Als paarden die nog niet uitgesloten zijn voor de menselijke consumptie geneesmiddelen toegediend krijgen met een wachttijd van 6 maanden, of geneesmiddelen waardoor het niet meer geslacht mag worden, moet dit door de dierenarts in het paardenpaspoort genoteerd worden.
Verplichtingen rond diergeneesmiddelengebruik
Voor wie gelden verplichtingen?
Ben je houder van een paard dat bestemd is voor menselijke consumptie?

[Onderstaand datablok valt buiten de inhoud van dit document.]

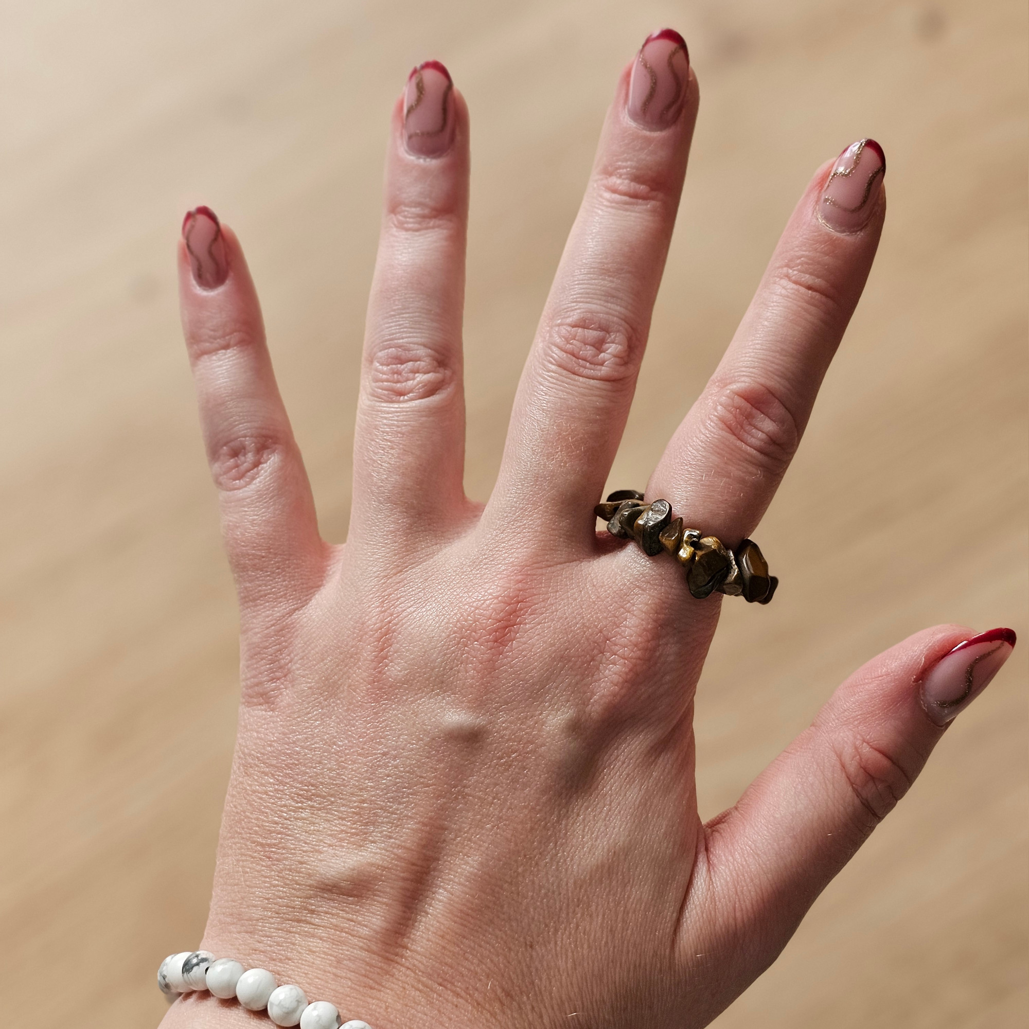 Pierścionek składa się z naturalnych odłamków Tygrysiego Oka o złocisto-brązowych pasmach, które połyskują przy każdym ruchu dłoni. Każdy kamień ma unikalny układ barw, dzięki czemu biżuteria nabiera wyjątkowego, naturalnego charakteru. Elastyczna forma pozwala na wygodne dopasowanie do palca.
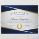 O certificado profissional de gradiente azul e dourado inclui o prêmio de conquista de ouro e medalha azul.
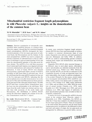 Mitochondrial restriction fragment length polymorphisms in wild Phaseolus vulgaris L.: Insights on the domestication on the common bean
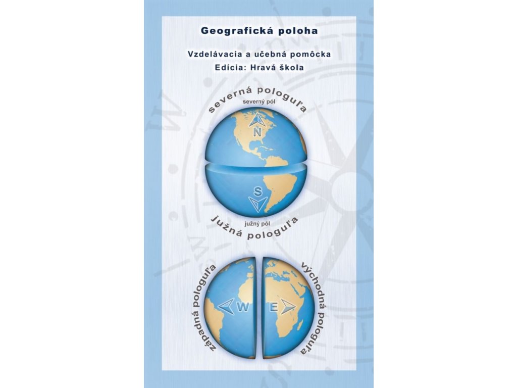 Vzdelávacia a učebná pomôcka z edície Hravá škola. Vzdelávacia a učebná pomôcka pre prírodovedné predmety. Učebná pomôcka graficky vysvetľuje absolútnu a relatívnu geografickú polohu.Ide o úplne netradičný produkt v tzv. mapovom formáte, v rozloženom stave má titul rozmer 98 cm x 62 cm, v zloženom stave má rozmer 21 cm x 12,5 cm.
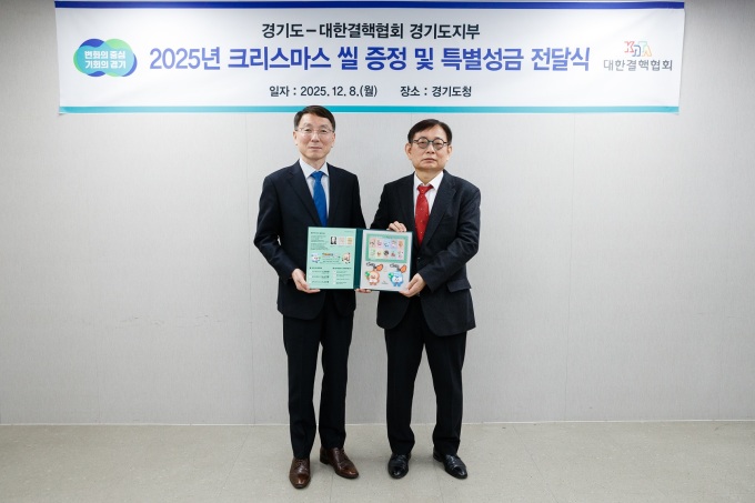 [수원=뉴스핌] 박승봉 기자 = 경기도는 김성중 경기도 행정1부지사가 8일 도청에서 김영준 대한결핵협회 경기도지부장으로부터 크리스마스 씰(seal)을 증정받고 특별성금 200만 원을 전달했다고 밝혔다. 전달식은 2025년 크리스마스 씰 모금 캠페인의 취지를 함께하고 결핵퇴치기금을 마련하기 위해 이뤄졌다.

Dan gelden deze regels:
- Je houdt een registratie bij van de diergeneesmiddelen die je aan je paard toedient.
- Je bewaart de kopieën van het diergeneeskundig voorschrift van de dierenarts (visitebrief en logboekformulier).
- Je bewaart alle gegevens minstens 5 jaar.
Bij het gebruik van diergeneesmiddelen met een wachttijd van 6 maanden tekent de dierenarts dit aan in het paardenpaspoort.
Houders van paarden die niet meer voor de humane consumptie zijn bestemd hoeven geen administratie van het diergeneesmiddelengebruik bij te houden.
Tot slot
De informatie in dit artikel is met de grootst mogelijke zorg gerealiseerd met de KNMvD (Koninklijke Nederlandse Maatschappij voor Diergeneeskunde) en samengesteld en gebaseerd op de informatie van de Rijksoverheid.nl, de RVO, de NVWA, het postacademisch onderwijs voor paardendierenartsen, als ook KNHS en FEI. Aan dit artikel kunnen geen rechten worden ontleend.
Tot slot willen we benadrukken dat de regels niet door ons zijn vastgesteld en de overheid voor specifieke situaties of meer informatie de aangewezen organisatie is.